I recently spoke to an outbound JET and was reminded of my own experience on the program (Mie-ken, 2000-2002). I gave him some tips on learning the language and then realized that my advice might be useful to other JETs as well. I hope that by publishing this advice I can help participants on the JET program make progress in their study of the language.

My main advice is:

  1. Hire a professional Japanese teacher
  2. Use a flashcard program

Additionally I recommend:

  1. Passing a proficiency exam
  2. Trying Remembering the Kanji

The rest of this article explains how these points have helped me in my own studies of the language, both while in Japan and after.

Hire a Professional Japanese Teacher

When I arrived in Japan I did not know Japanese. I also did not know how to learn Japanese. My fellow Assistant Language Teachers (ALTs) recommended that I self study with a textbook between classes that I was teaching. They also placed a premium on learning kanji, and used the number of kanji someone knew as a yardstick for their overall proficiency with the language.

I followed this advice for about a year and then signed up for an intensive three week class at a Japanese school. Before classes began I took a placement exam and was placed in the beginner class. This placement bothered me, though, because I had been self studying for a year. Shouldn’t I at least be in the intermediate class? When I mentioned this to my teacher she invited me to discuss it with her – in Japanese.
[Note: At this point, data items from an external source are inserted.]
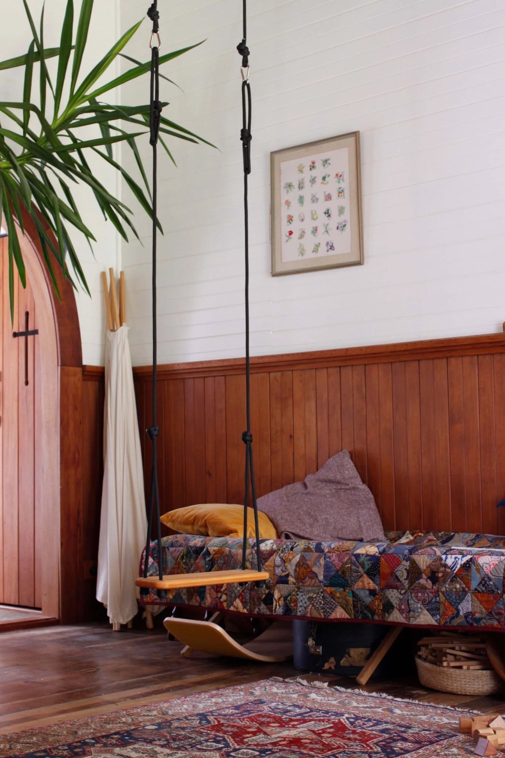 This charming wooden board swing features carefully shaped edges and is designed for those who appreciate a touch of nostalgia. Suitable for both indoor and outdoor use, it is expertly made from FSC-certified, naturally durable wood. Its classic natural style ensures it remains a beloved piece to pass down through generations.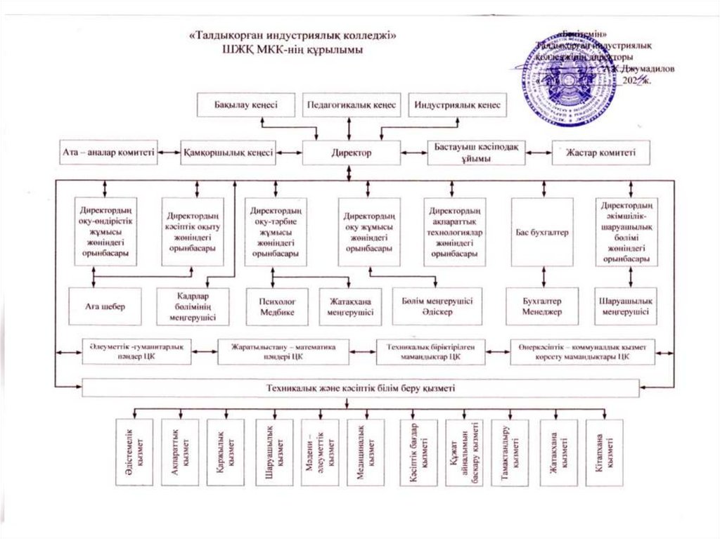 «Талдыкорган индустриялык коледжі» ШЖК МКК-нін курылымы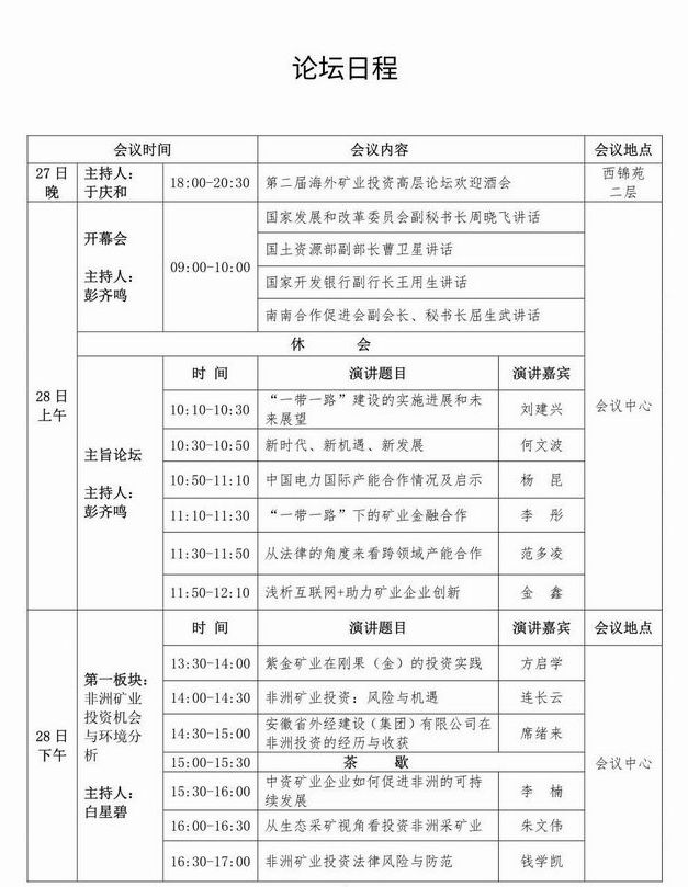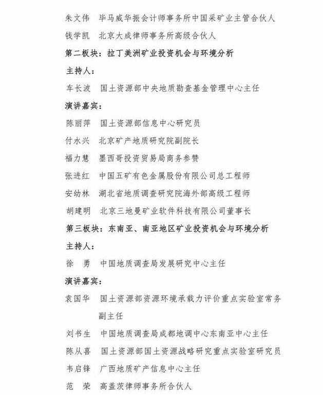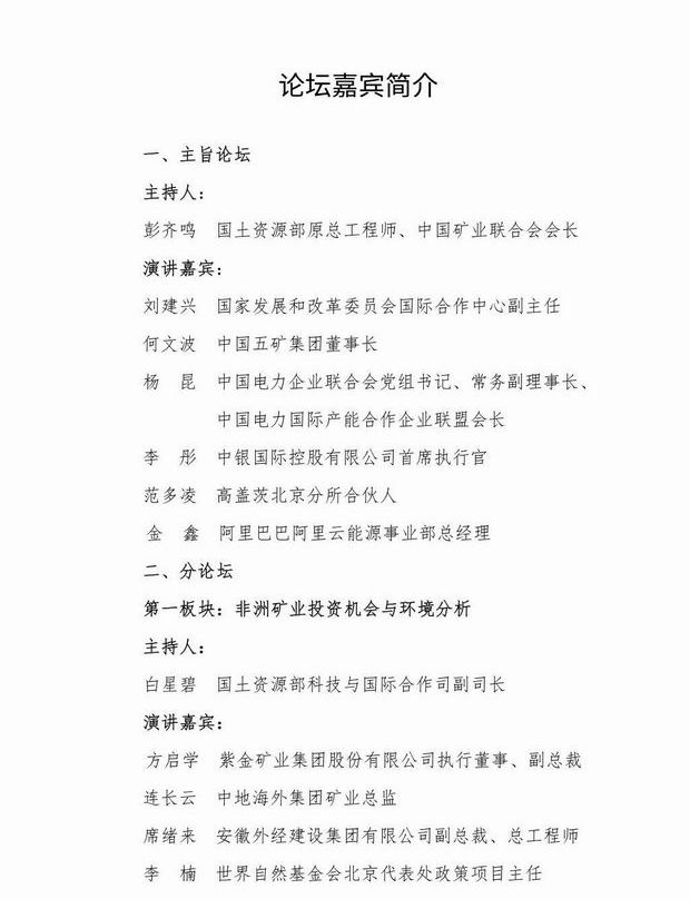 第二屆海外礦業投資高層論壇主持人及演講嘉賓簡介如下: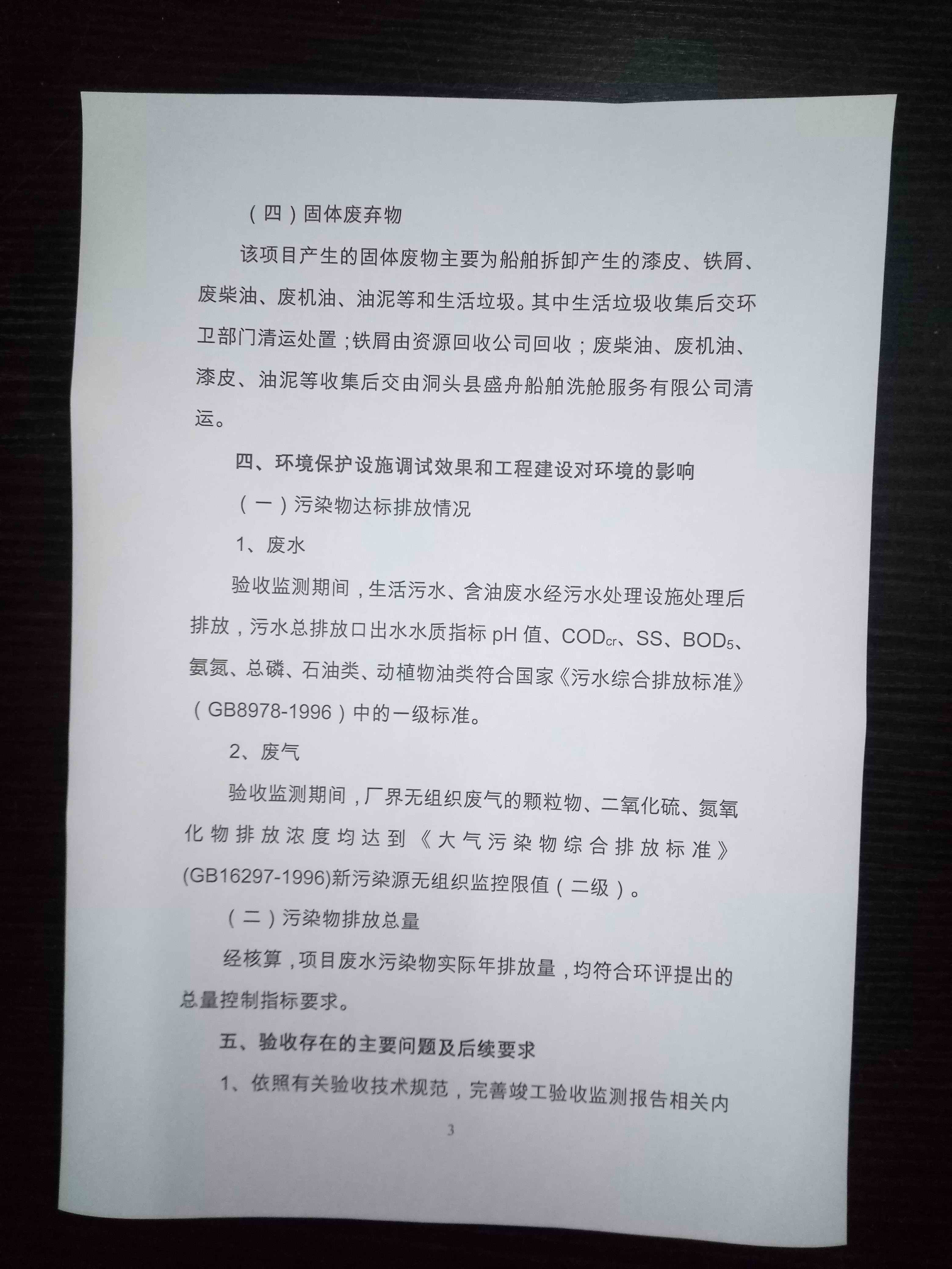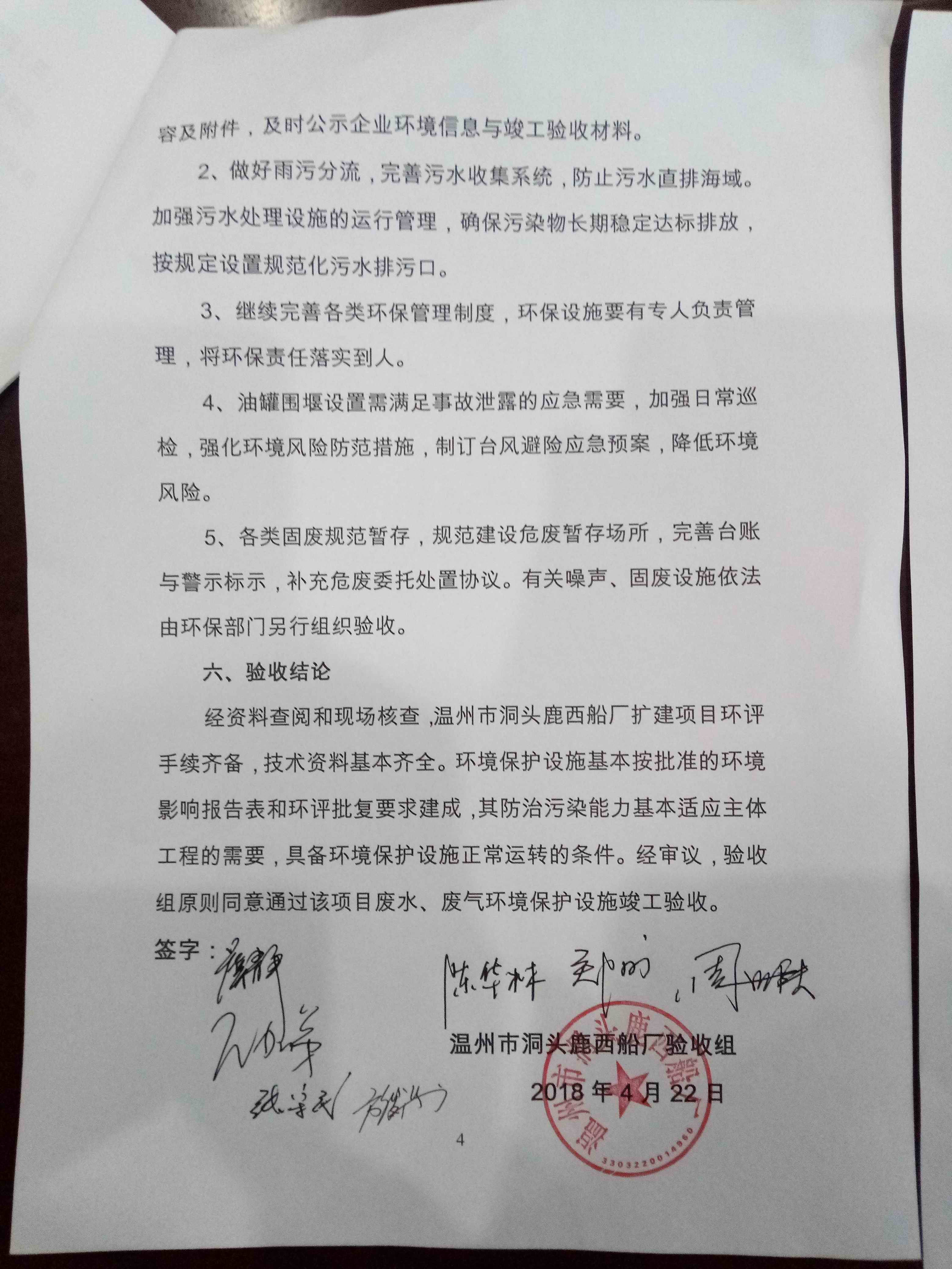 經(jīng)資料查閱和現(xiàn)場(chǎng)核查,溫州市洞頭鹿西船廠擴(kuò)建項(xiàng)目環(huán)評(píng)手續(xù)齊備,技術(shù)資料基本齊全。環(huán)境保護(hù)設(shè)施基本按批準(zhǔn)的環(huán)境影響報(bào)告表和環(huán)評(píng)批復(fù)要求建成,其防治污染能力基本適應(yīng)主體工程的需要,具備環(huán)境保護(hù)設(shè)施正常運(yùn)轉(zhuǎn)的條件。經(jīng)審議,驗(yàn)收組原則同意通過(guò)該項(xiàng)目廢水、廢氣環(huán)境保護(hù)設(shè)施竣工驗(yàn)收。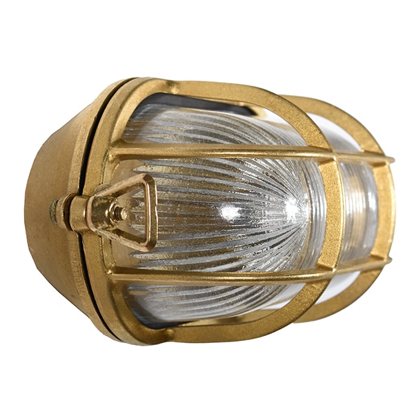 Vegglampe i maritim stil, solid støpt messing, vakker utendørsbelysning. Gir et behagelig lysskjær gjennom lampens glass. Denne lampen er også utstyrt med et lampegitter for en liten ekstra detalj. Glasset er klart, men fås også i frostet. Vegglampen passer til uteplassen eller bassengområdet, eller hvorfor ikke en tøff belysning til sommerhuset eller husfasaden. Lampen leveres med E27-fatning, noe som også gjør den egnet for en LED-lyskilde. Alle produktene våre er CE-godkjente.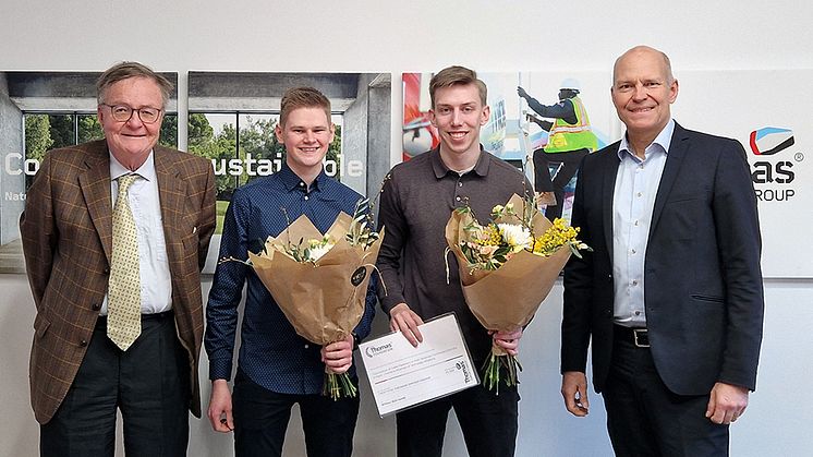Nyexaminerade civilingenjörerna Benjamin Pettersson och William Mjörnestål fick ta emot stipendium av Familjen Thomas Forskningsstiftelse. Till vänster Finn Johnsson, styrelseordförande i Familjen Thomas Forskningsstiftelse och till höger Hans Karlander, VD Thomas Concrete Group (foto: Thomas Concrete Group).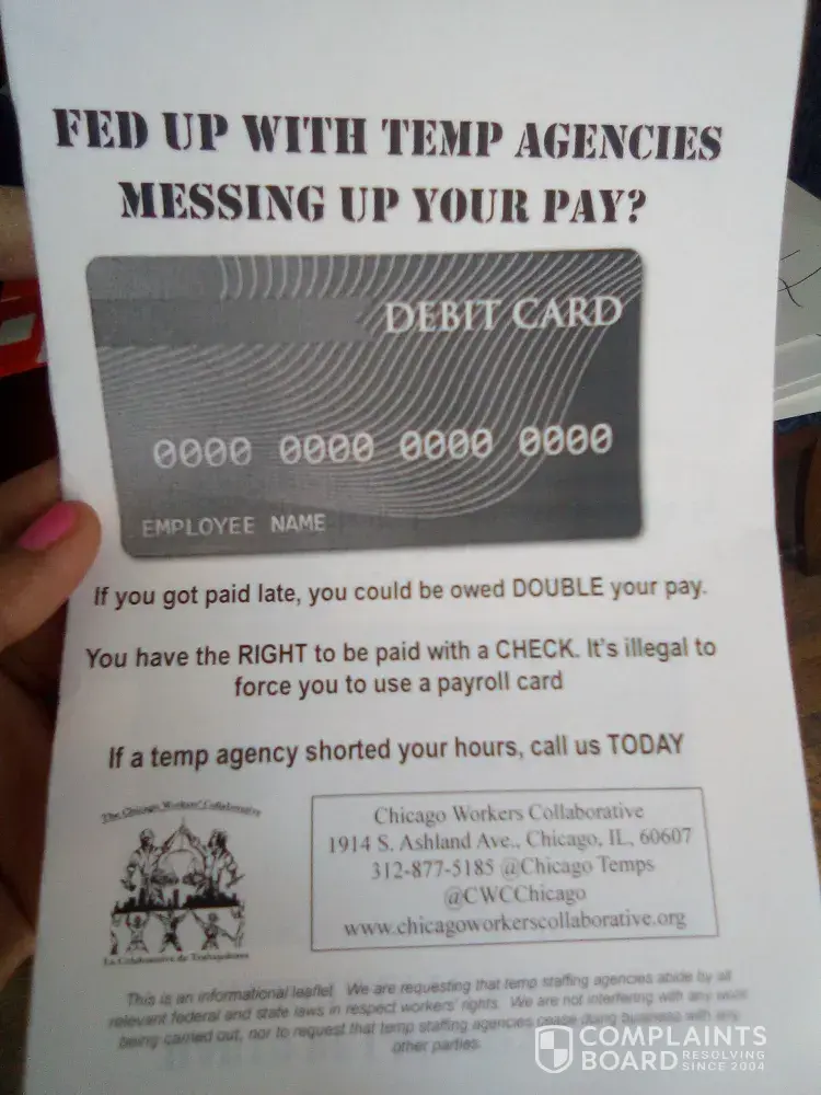 4) adecco illegally forced workers to receive payment by payroll cards instead of giving them the option of receiving payment by check.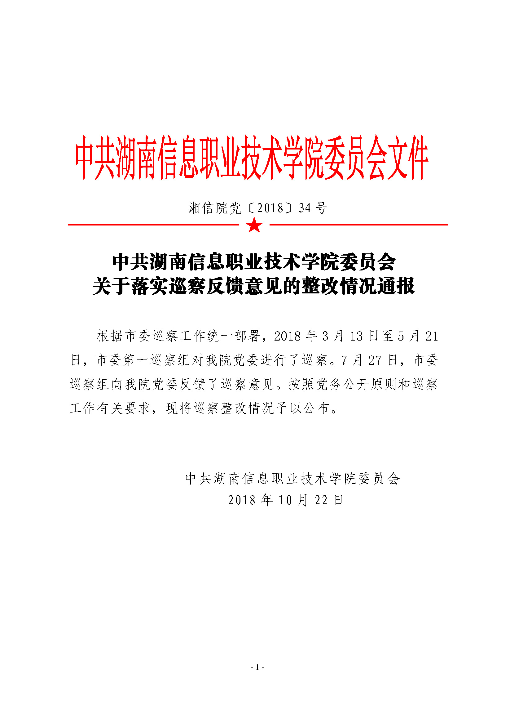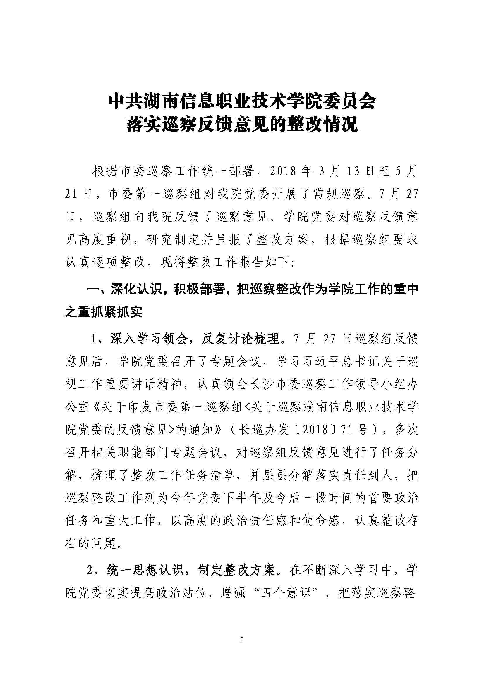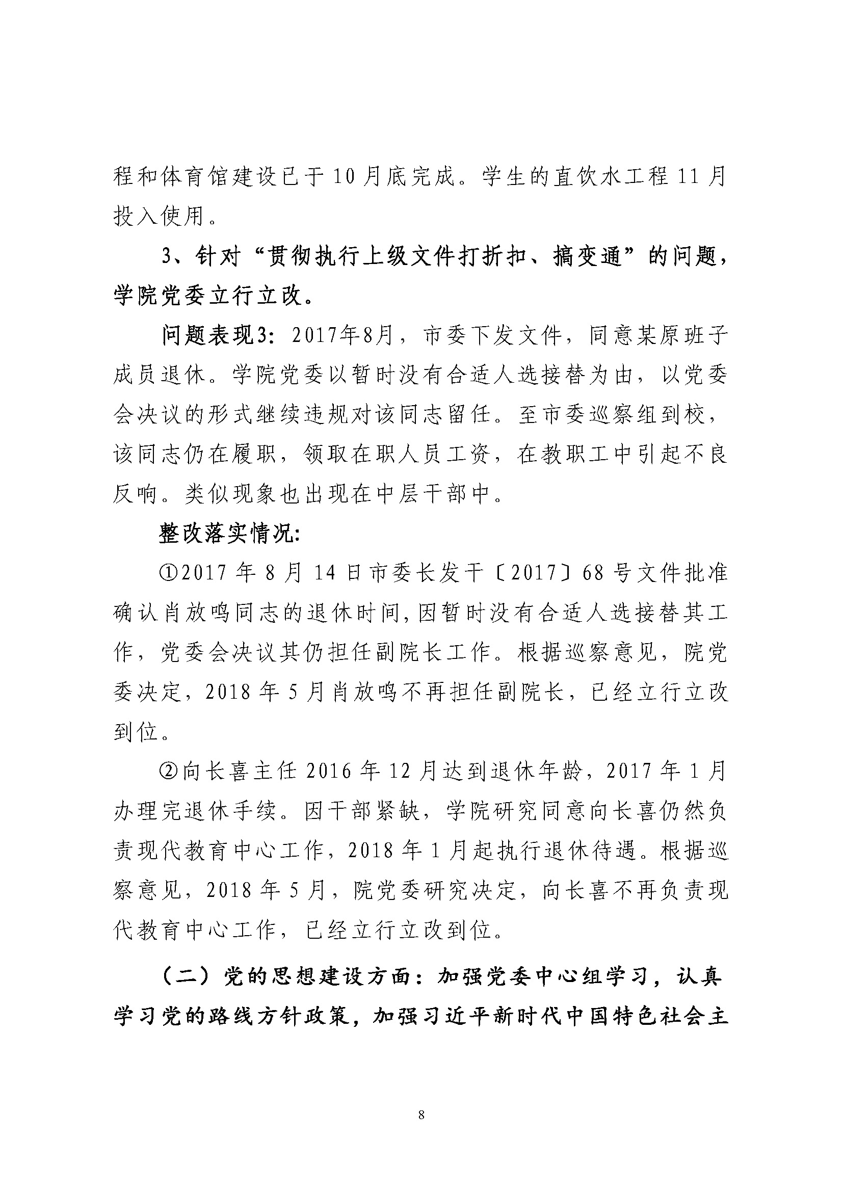 巡察整改情况通报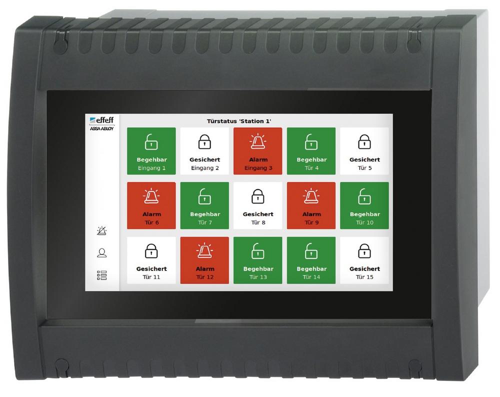 Fluchttürsteuerungen müssen zuverlässig funktionieren und den Menschen in einem Gebäude sowohl in Gefahren- als auch Paniksituationen eine sichere Flucht ermöglichen. Angesichts großer Gebäudeanlagen und ihrer hohen Anzahl von Fluchttüren bieten zentrale Bedientableaus einen hohen Mehrwert. Sie gewährleisten, dass alle Zustände der angebundenen Fluchttüren an einer zentralen Stelle zusammengeführt werden und bündeln die Steuerung der Funktionalitäten in einem Gebäudesystem. Das neue effeff Bedientableau 925 mit Touch-Display erlaubt Sicherheitsverantwortlichen die komfortable Anzeige von Türzuständen und das intuitive Steuern von bis zu 24 Fluchttüren oder Gruppenfunktionen.

This shocked me for two reasons. The first was that I had never had a conversation like that in Japanese before. As an ALT most of my discussions with Japanese people were in English. Speaking in Japanese at work could even be considered a breach of etiquette, since my job was to speak in English. This meant that, by and large, my time speaking Japanese was limited to things like asking for directions and ordering food in a restaurant. Until that point, no one had asked me to defend an opinion, or persuade them to take a course of action, in Japanese.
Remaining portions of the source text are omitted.